No sleep

SNJ • Just to keep it blunt and not sound extremely selfish all I want to fulfill my happiness and feel important in this world is to have a baby with my fiancé, but of course I have worthless insides. :`(
So I'm sitting at the hospital with my fiancé because his mother only has about a day left. He is passed out laying over me whereas I can not sleep. I don't like hospitals, I just feel to many negative things have happened in my life here. Honestly I only agreed to stay because my fiancé needs my support and I love my soon to be mother in law. Also because no one can get any movement out of her whereas every time I'm in the room she either draws a tear when I speak with her and opens her eyes for a split second to look at me, I even got a slight nod out of her tonight.
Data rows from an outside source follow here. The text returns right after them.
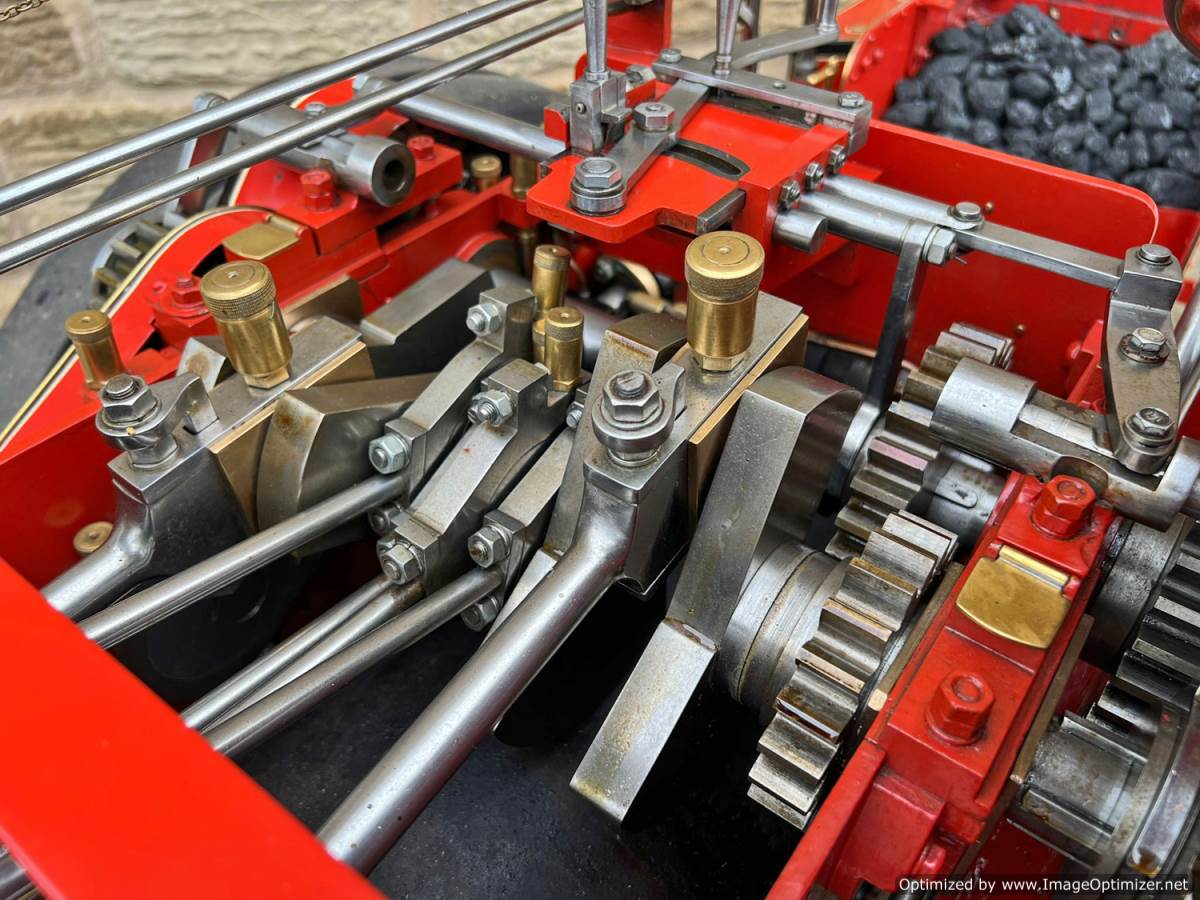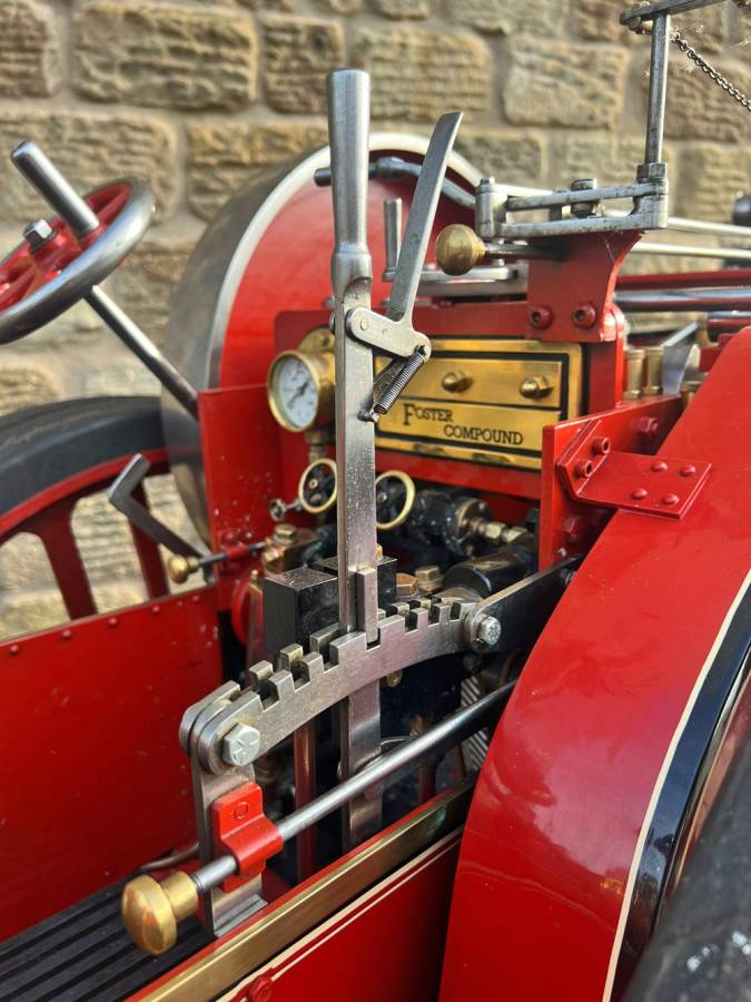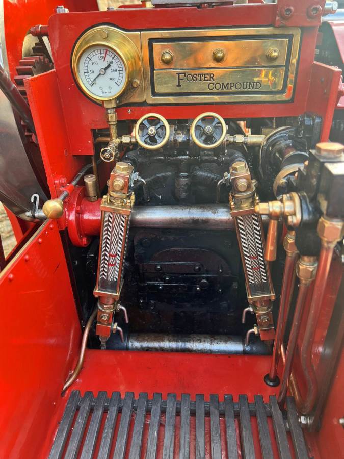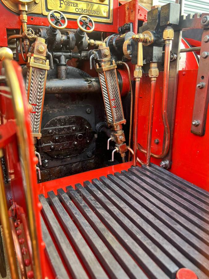 Here we have a rather special 4" Foster 7nhp Double Crank Compound three speed Road locomotive. A very rare beast this and an exceptionally well engineered one too! Beautifully machined, and dripping with finesse, the finish and tolerances are superb, with no perceptible wear and a satisfying smoothness to every slide and movement. She's a full Compound with double high 'simpling' capacity and the cylinders are 2 1/8¨ & 3 1/2¨ bore respectively with a stroke of 4 1/8¨ working at 175psi, so this is a powerful engine in any scale.
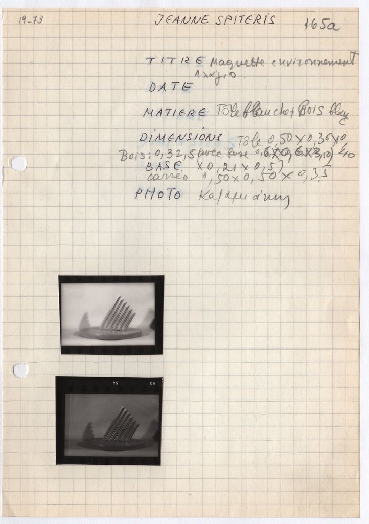 Απόκομμα, χαρτί, μία όψη, 20×14 εκ., επικολλημένο σε φύλλο χαρτιού Α4. Χειρόγραφη φόρμα καταγραφής στοιχείων του έργου στα γαλλικά, όπου συμπληρώνονται χειρόγραφα τα στοιχεία του έργου. Στο χαρτί, επικολλημένες, δύο φωτογραφίες του έργου, α/μ, φωτογραφικό χαρτί, 3×4 εκ. και 3,5×4 εκ.
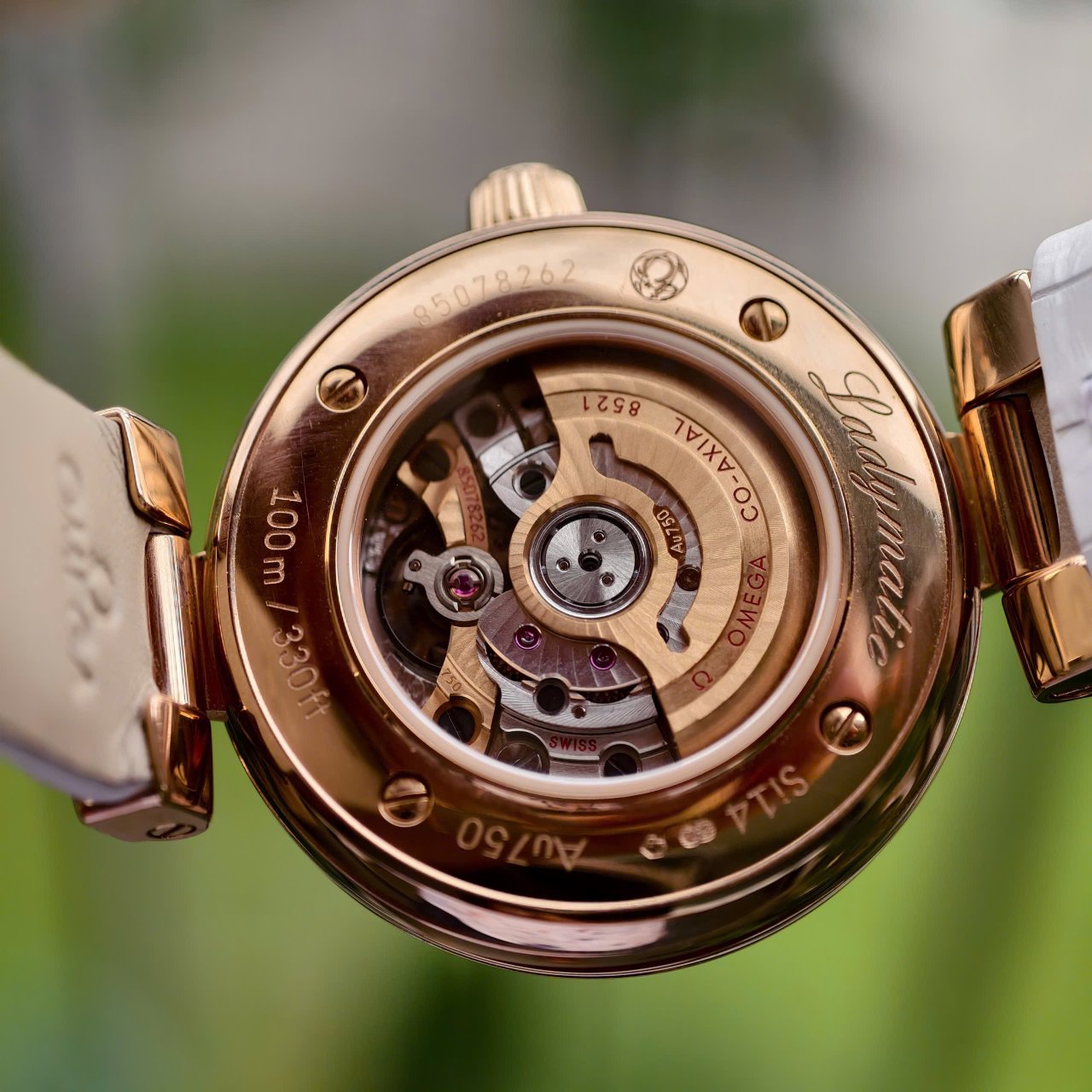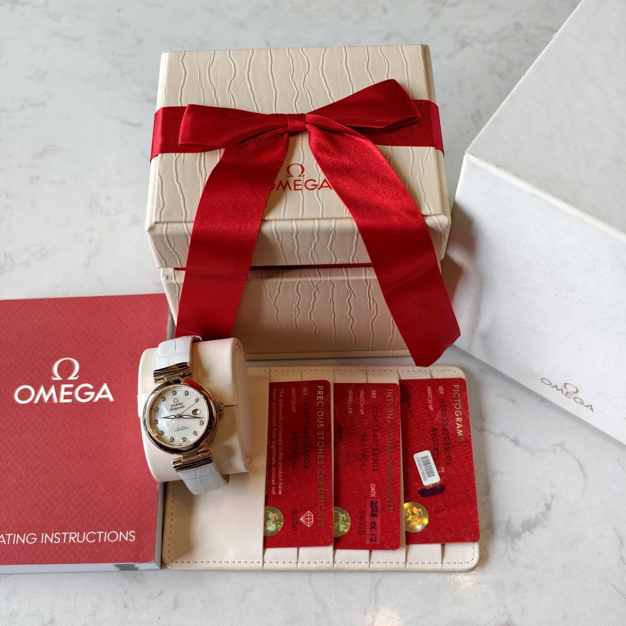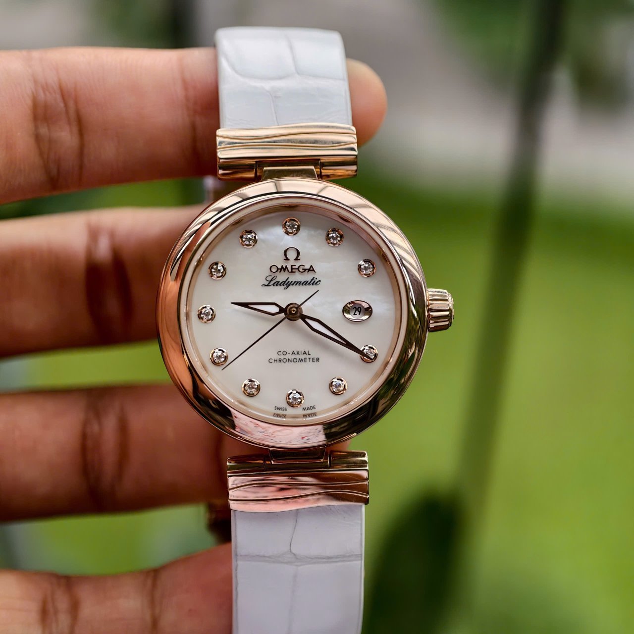 Lại có quà quê cho các Chị Em.Omega laydymatic size 34mm Vàng hồng đúc 18k. Kim cương. Mặt khảm trai Máy 8521 automatic Tình trạng full box date 2024 Hàng biếu tặng chưa qua sử dụng.

So not only does me just being her for him relax and help him but it give him happiness to see his mother acknowledging that I'm/we are there. At times I feel bad because its only me she is doing anything for but at the same time I feel joy. I know I have been posting a lot about her I just have bad anxiety, depression, panic attacks, and bi polar and I can't say my feelings out loud, its a struggle for me so writing them down helps me express my feelings and some of you ladies here have given me great advice. So if they are getting annoying/outta control you can tell me in the comments or have glow anonymously tell me, I won't be offended. I'm very understanding.